[Pacemaker] crmd killed by signal 11 (pacemaker1.0.5/heartbeat3/RHEL5.3)

Andrew Beekhof andrew at beekhof.net
Sun Oct 11 19:26:47 UTC 2009


On Fri, Oct 9, 2009 at 7:02 AM, Li, Ling (Ling) <lli1 at alcatel-lucent.com> wrote:
> Hi,
>
> rpms are downloaded from
> http://download.opensuse.org/repositories/server:/haclustering/RHEL_5/x86_64
>
> We have a cluster of two nodes with 17 resources configured.
> Among those 17 resources, 4 clones, 1 group, and 12 primitives.
> Cluster options are
>   symmetric-cluster=true
>   stonith-enabled=false
> The rest are default.
>
>
> xmllint -relaxng /usr/share/pacemaker/pacemaker.rng cib.xml
> returns
> cib.xml validates
>
> The cluster works fine except that crmd is killed by signal 11 sporadically.
> So far I have the following four causes.
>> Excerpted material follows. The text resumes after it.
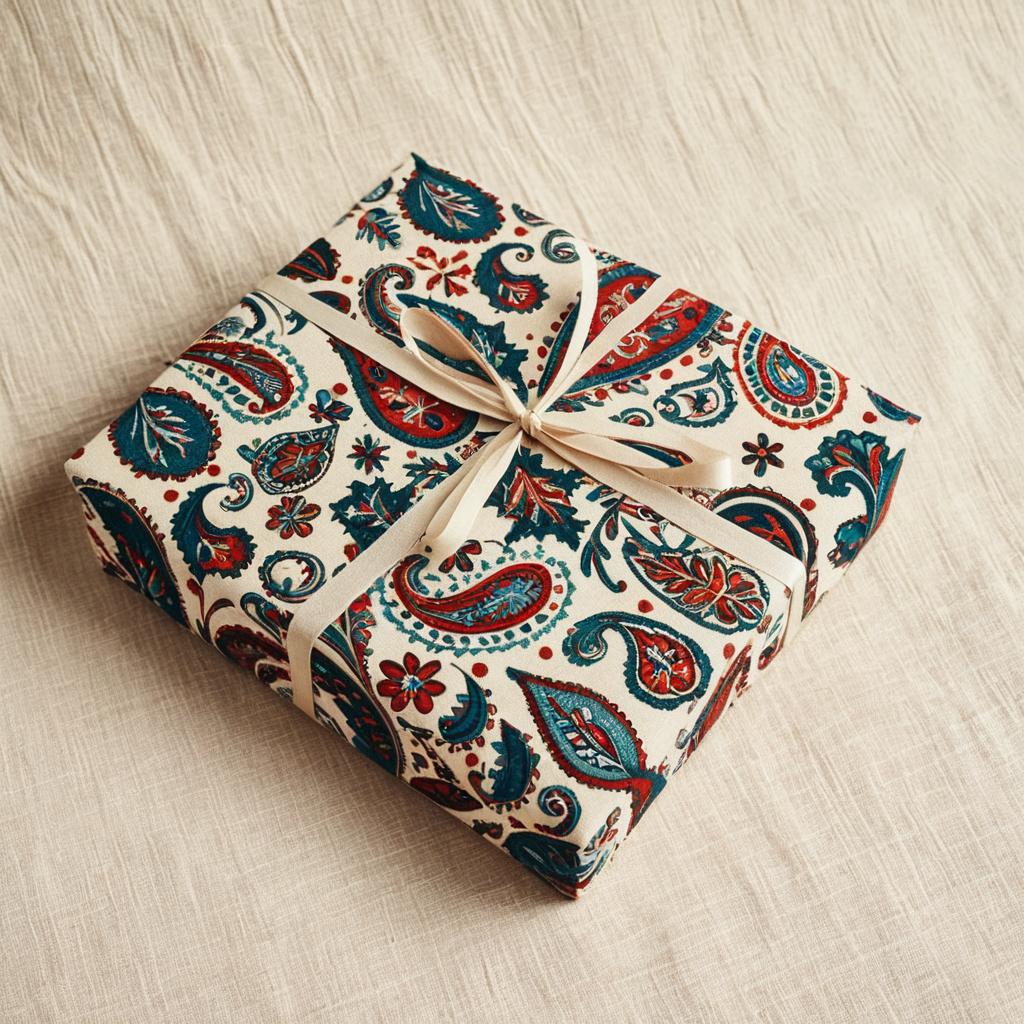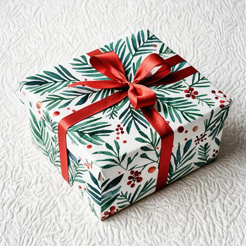 Cover for a Christmas present with a winter-themed pattern in minimalist style, on a icy blue textured paper background

The first one is the most common one.
>
> 1. Core was generated by `/usr/lib64/heartbeat/crmd'.
> Program terminated with signal 11, Segmentation fault.
> [New process 2543]
> #0  0x0000000000428d7f in te_graph_trigger ()

I'd have expected gdb to indicate a line number here.
Hard to know what the problem might be... do you have the logs for this crash?

> (gdb) bt
> #0  0x0000000000428d7f in te_graph_trigger ()
> #1  0x00002ab6d4a3df63 in crm_trigger_dispatch (source=0xda327a0, callback=0x428d34 <te_graph_trigger>,
>    userdata=0xda327a0) at mainloop.c:53
> #2  0x0000003e8dc2cdb4 in g_main_context_dispatch () from /lib64/libglib-2.0.so.0
> #3  0x0000003e8dc2fc0d in ?? () from /lib64/libglib-2.0.so.0
> #4  0x0000003e8dc2ff1a in g_main_loop_run () from /lib64/libglib-2.0.so.0
> #5  0x0000000000405020 in crmd_init ()
> #6  0x0000000000404efb in main ()
> ---------
> 2. Program terminated with signal 11, Segmentation fault.

This one is (now) fixed in
   http://hg.clusterlabs.org/pacemaker/stable-1.0/rev/2a324fe868c1

Any reason you're running with such a high debug level?

> [New process 567]
> #0  0x0000003e8bc7b2f0 in strcasecmp () from /lib64/libc.so.6
> (gdb) bt
> #0  0x0000003e8bc7b2f0 in strcasecmp () from /lib64/libc.so.6
> #1  0x00002b71d9ac0bf7 in crm_str_eq (a=0x2b71d9ad85fb "__name__",
>    b=0x22296c6c <Address 0x22296c6c out of bounds>, use_case=0) at utils.c:1848
> #2  0x00002b71d9ac60e4 in log_data_element (function=0x43444f "do_lrm_query",
>    prefix=0x4344a1 "Current state of the LRM", log_level=9, depth=0, data=0xa96b170, formatted=1)
>    at xml.c:1175
> #3  0x00002b71d9ac4a44 in print_xml_formatted (log_level=9, function=0x43444f "do_lrm_query",
>    msg=0xa96b170, text=0x4344a1 "Current state of the LRM") at xml.c:775
> #4  0x000000000041b773 in do_lrm_query ()
> #5  0x0000000000413ebc in do_cl_join_finalize_respond ()
> #6  0x0000000000405ad8 in do_fsa_action ()
> #7  0x0000000000406620 in s_crmd_fsa_actions ()
> #8  0x0000000000405f9c in s_crmd_fsa ()
> #9  0x0000000000411b35 in crm_fsa_trigger ()
> #10 0x00002b71d9ad4f63 in crm_trigger_dispatch (source=0xa95dd70, callback=0x411acf <crm_fsa_trigger>,
>    userdata=0xa95dd70) at mainloop.c:53
> #11 0x0000003e8dc2cdb4 in g_main_context_dispatch () from /lib64/libglib-2.0.so.0
> #12 0x0000003e8dc2fc0d in ?? () from /lib64/libglib-2.0.so.0
> #13 0x0000003e8dc2ff1a in g_main_loop_run () from /lib64/libglib-2.0.so.0
> #14 0x0000000000405020 in crmd_init ()
> #15 0x0000000000404efb in main ()
> -------
> 3. Core was generated by `/usr/lib64/heartbeat/crmd'.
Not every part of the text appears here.